▶ [TASK REQUIREMENTS]
Repeat the data that follows exactly, starting at the line with "- Porta freschezza" and ending at the line with "Entremet individuel mousse", and leave out every picture.

▶ [DATA FOR THIS TASK]

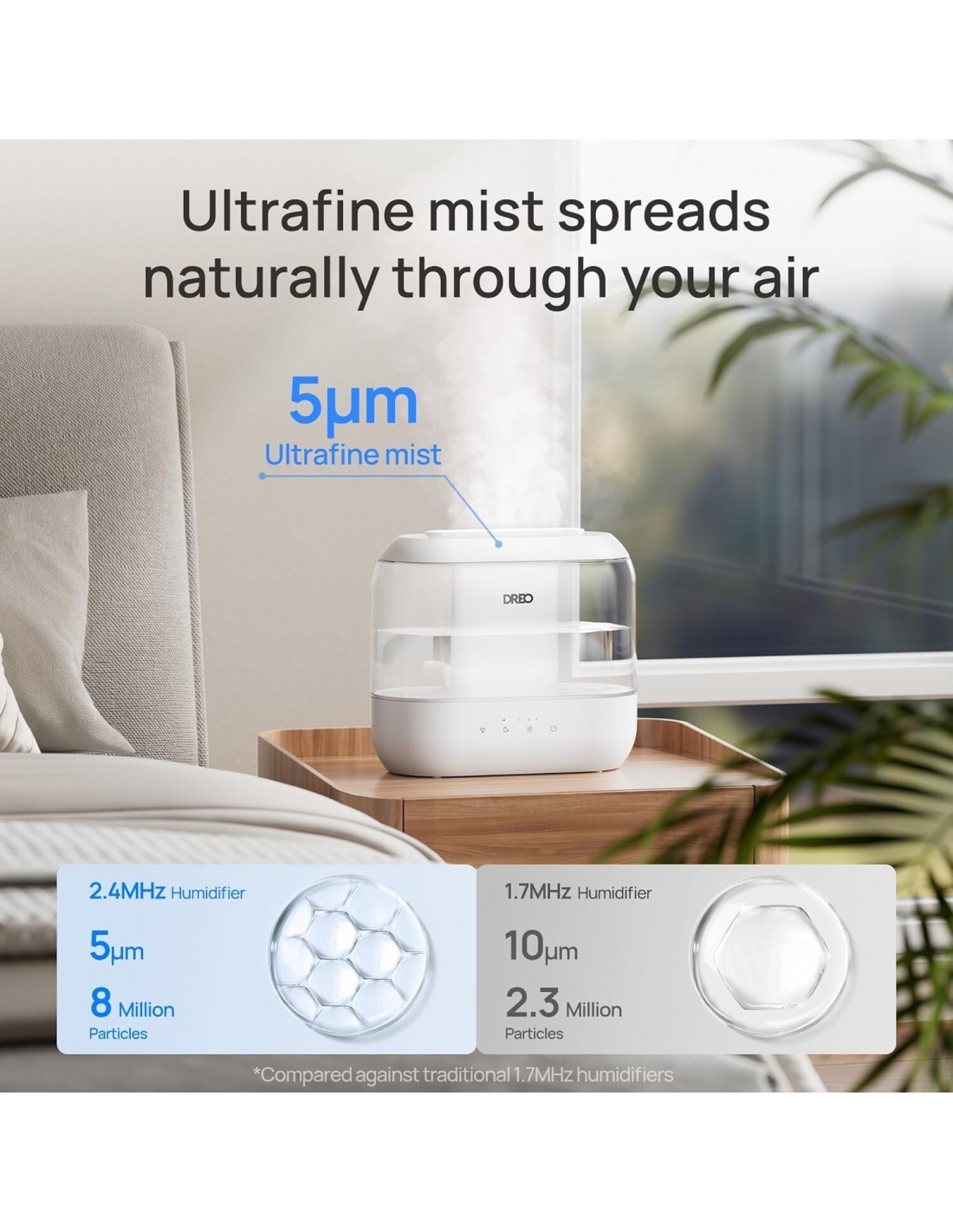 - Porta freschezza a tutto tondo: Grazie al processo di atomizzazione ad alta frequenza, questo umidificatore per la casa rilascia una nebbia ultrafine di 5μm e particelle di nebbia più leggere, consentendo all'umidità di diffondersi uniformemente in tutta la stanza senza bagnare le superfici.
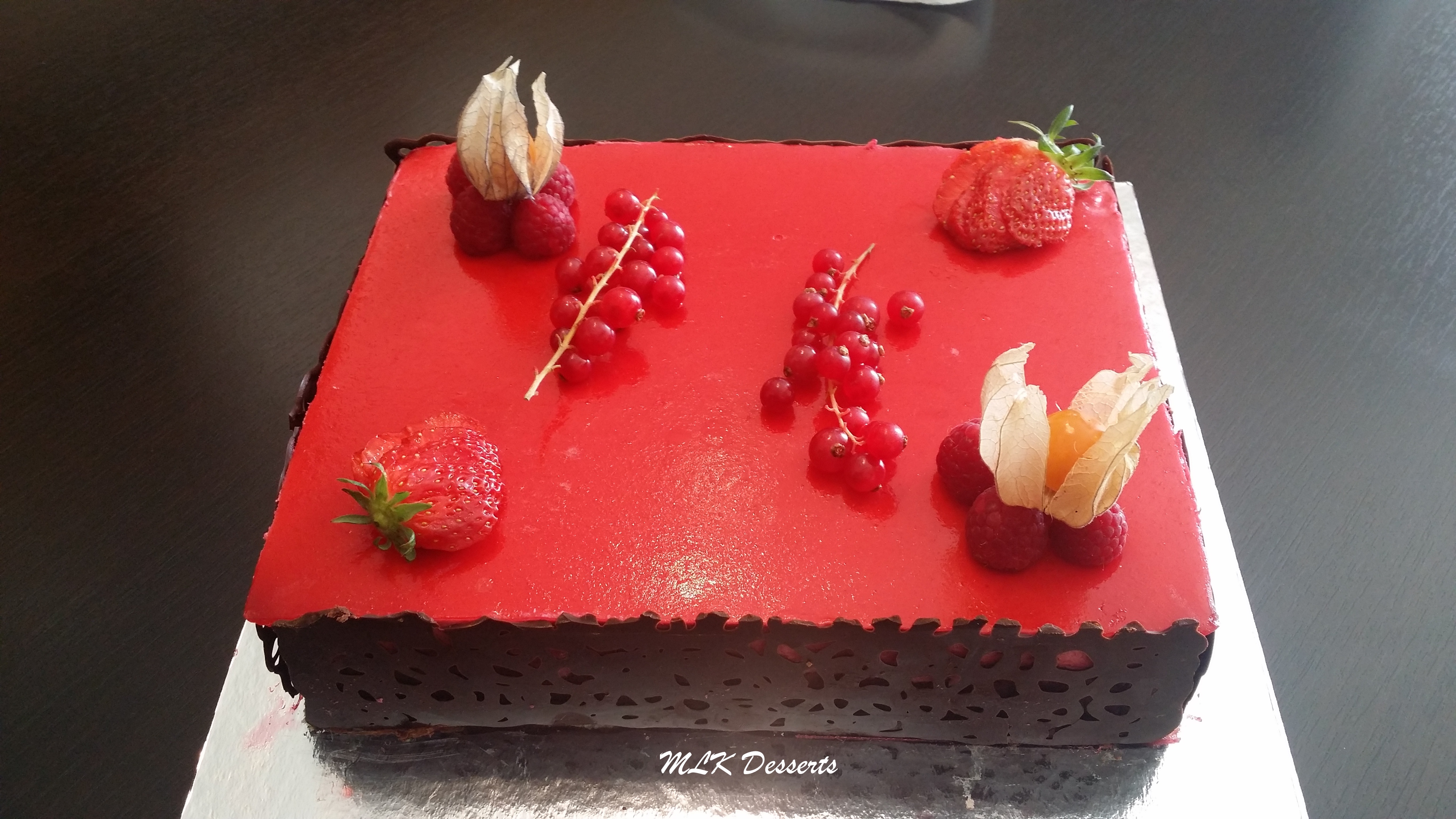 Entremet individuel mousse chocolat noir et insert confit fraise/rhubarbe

==

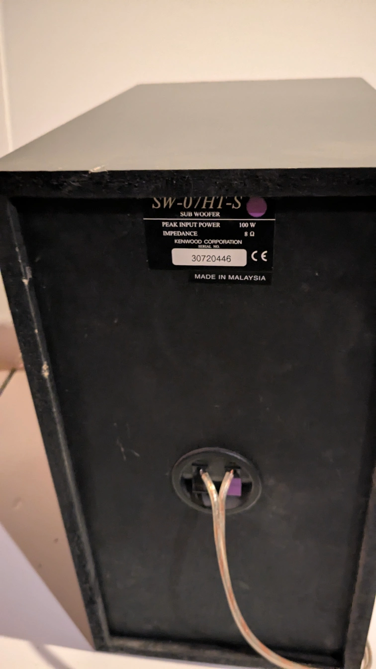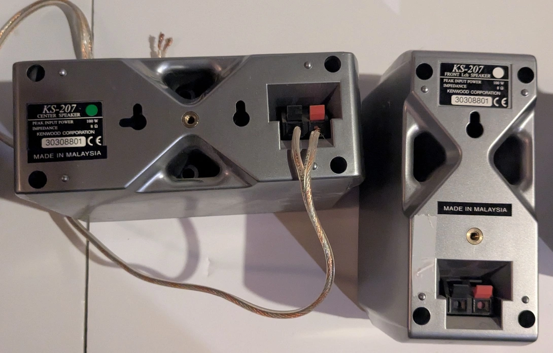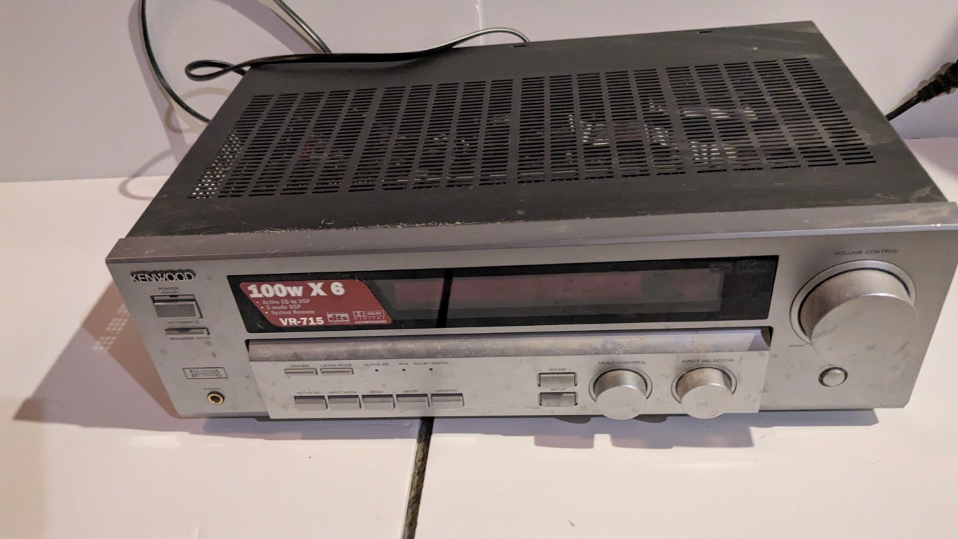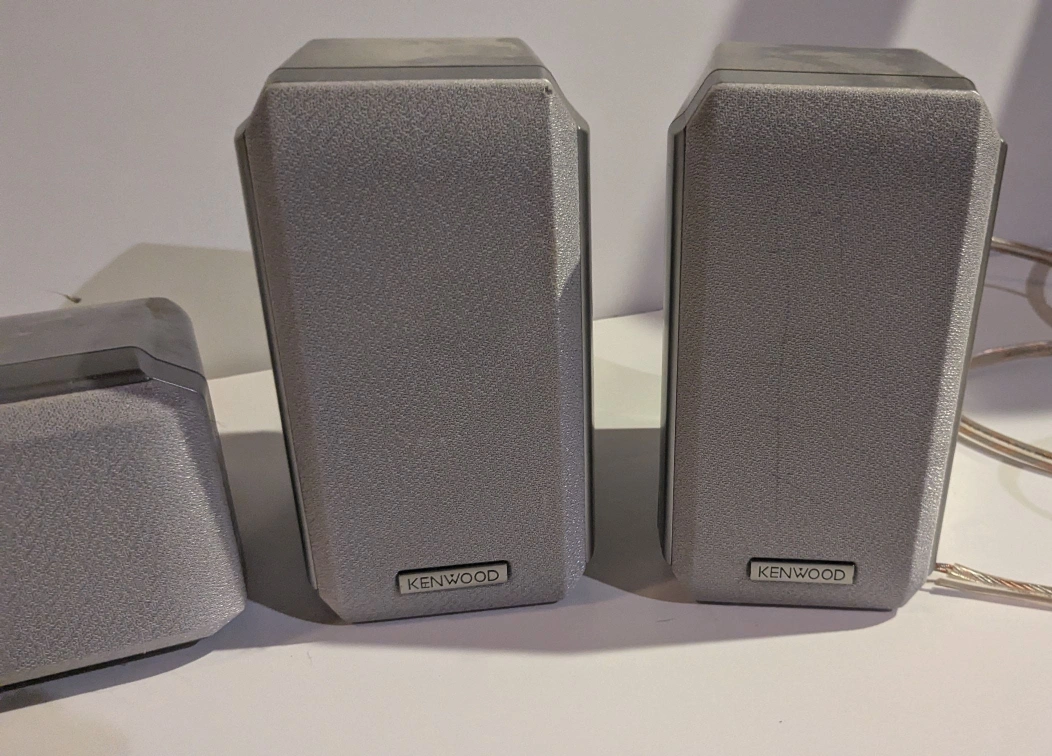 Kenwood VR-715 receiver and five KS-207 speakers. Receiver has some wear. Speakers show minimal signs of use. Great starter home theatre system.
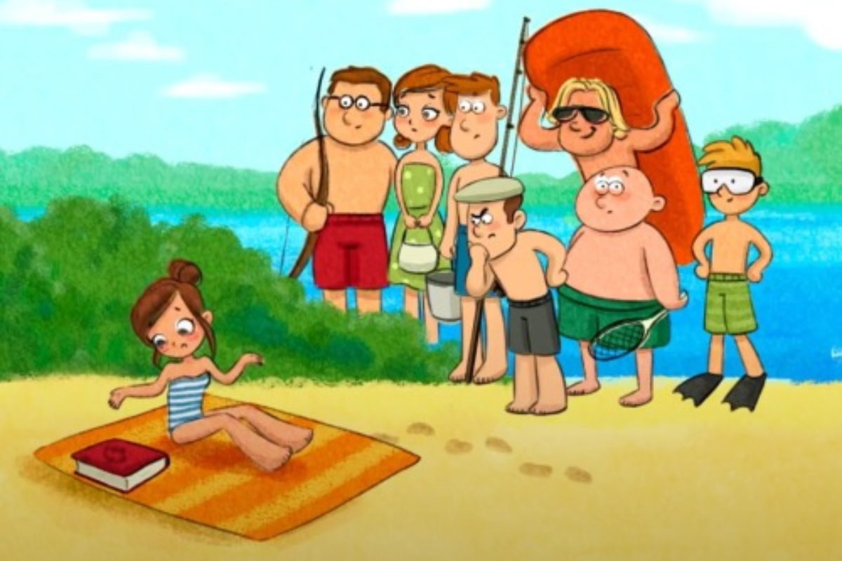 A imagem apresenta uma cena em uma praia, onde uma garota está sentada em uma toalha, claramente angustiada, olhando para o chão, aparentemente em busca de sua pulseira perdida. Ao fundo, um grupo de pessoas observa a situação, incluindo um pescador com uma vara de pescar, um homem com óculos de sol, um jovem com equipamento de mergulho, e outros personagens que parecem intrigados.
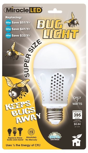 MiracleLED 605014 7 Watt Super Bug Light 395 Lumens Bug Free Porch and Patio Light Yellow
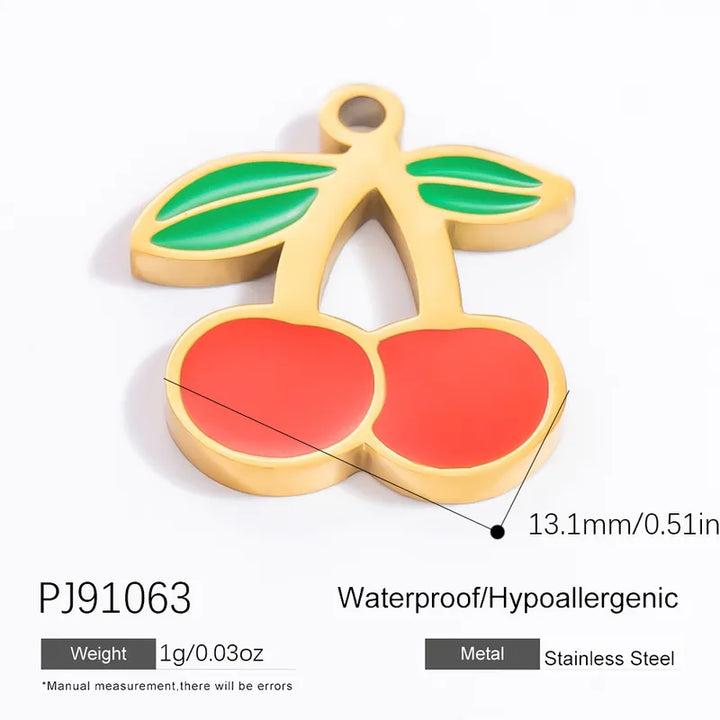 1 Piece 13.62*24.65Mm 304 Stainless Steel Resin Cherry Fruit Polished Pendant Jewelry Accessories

▶ [OUTPUT OF THE TASK]
 - Porta freschezza a tutto tondo: Grazie al processo di atomizzazione ad alta frequenza, questo umidificatore per la casa rilascia una nebbia ultrafine di 5μm e particelle di nebbia più leggere, consentendo all'umidità di diffondersi uniformemente in tutta la stanza senza bagnare le superfici.
 Entremet individuel mousse chocolat noir et insert confit fraise/rhubarbe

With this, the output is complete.